If you needed proof that the internet is eating itself, here it is: Merriam-Webster just crowned “slop” as Word of the Year.
Yes, slop. Not innovation. Not creativity. Not “the future.” Slop.
The dictionary is using it to describe the flood of low-effort, mass-produced digital junk filling our screens—much of it pumped out by AI. You know the stuff. Weird videos that make no sense. Animals “talking” with stolen voices. Books written faster than anyone could possibly care to read them. Content made not to say anything, but simply to exist… loudly.
What’s funny is that dictionaries all seem to be circling the same idea lately: technology is changing us, and not always in a good way. Collins picked “vibe coding.” Cambridge highlighted “parasocial.” Oxford went with “rage bait.” Different words, same message: we’re online too much, and it’s getting strange.
The word “slop” itself has had a rough journey. It started as mud. Then became leftovers. Then turned into a general term for rubbish. Honestly, that feels like a very accurate timeline for some internet content.
And here’s the best part: even Merriam-Webster admits people can’t agree on it. Some users hate slop. Others scroll endlessly through it at 2 a.m. while saying, “Just one more.” The word carries a bit of sarcasm too—as if to say, “Nice try, AI. This is what you came up with?”

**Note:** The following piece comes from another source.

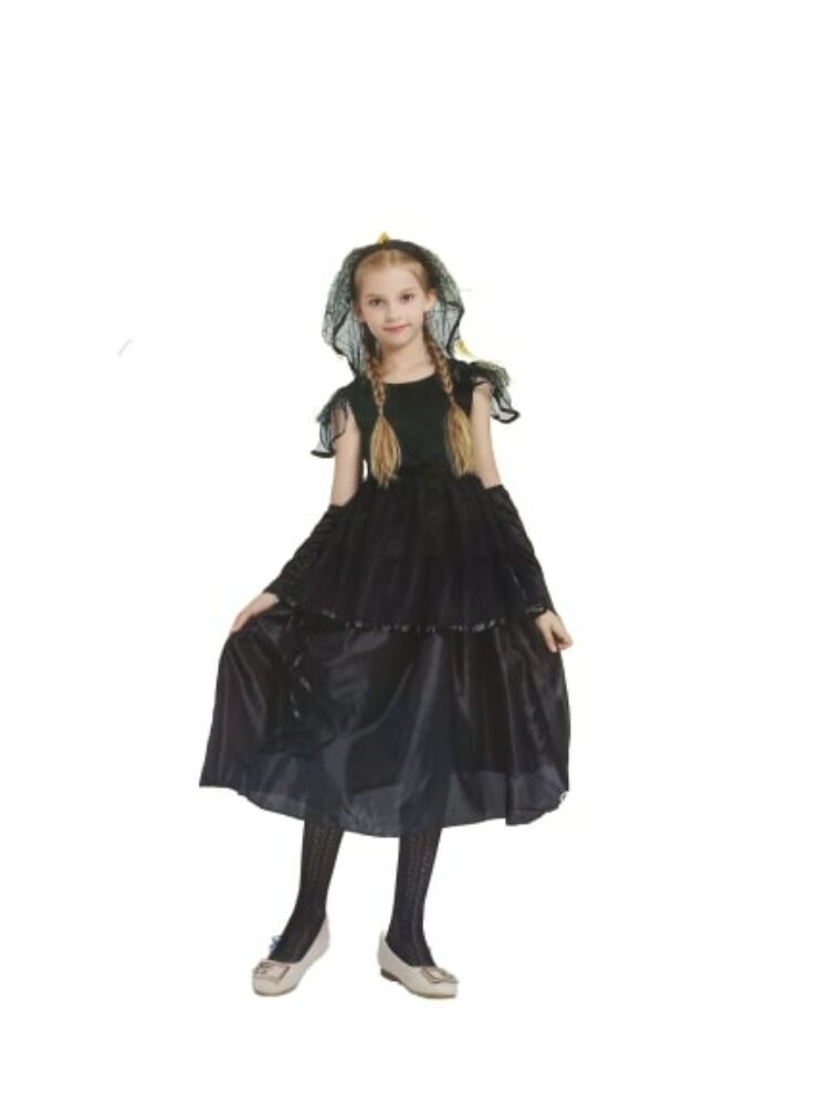 4-6 évesre fekete jelmezruha, fátyollal - ÚJ

The runners-up are just as telling. “Touch grass” went from insult to life goal. “Performative” became shorthand for people doing things purely for attention. Even political terms like “gerrymander” made the list, because manipulation is having a moment.
Last year it was “polarization.” Before that, “authentic.” Put it all together and the story is clear: we’re drowning in noise, craving what’s real, and slowly realizing that not everything generated deserves our time.
If “slop” is the word of the year, maybe the real question is this: why are we still eating it?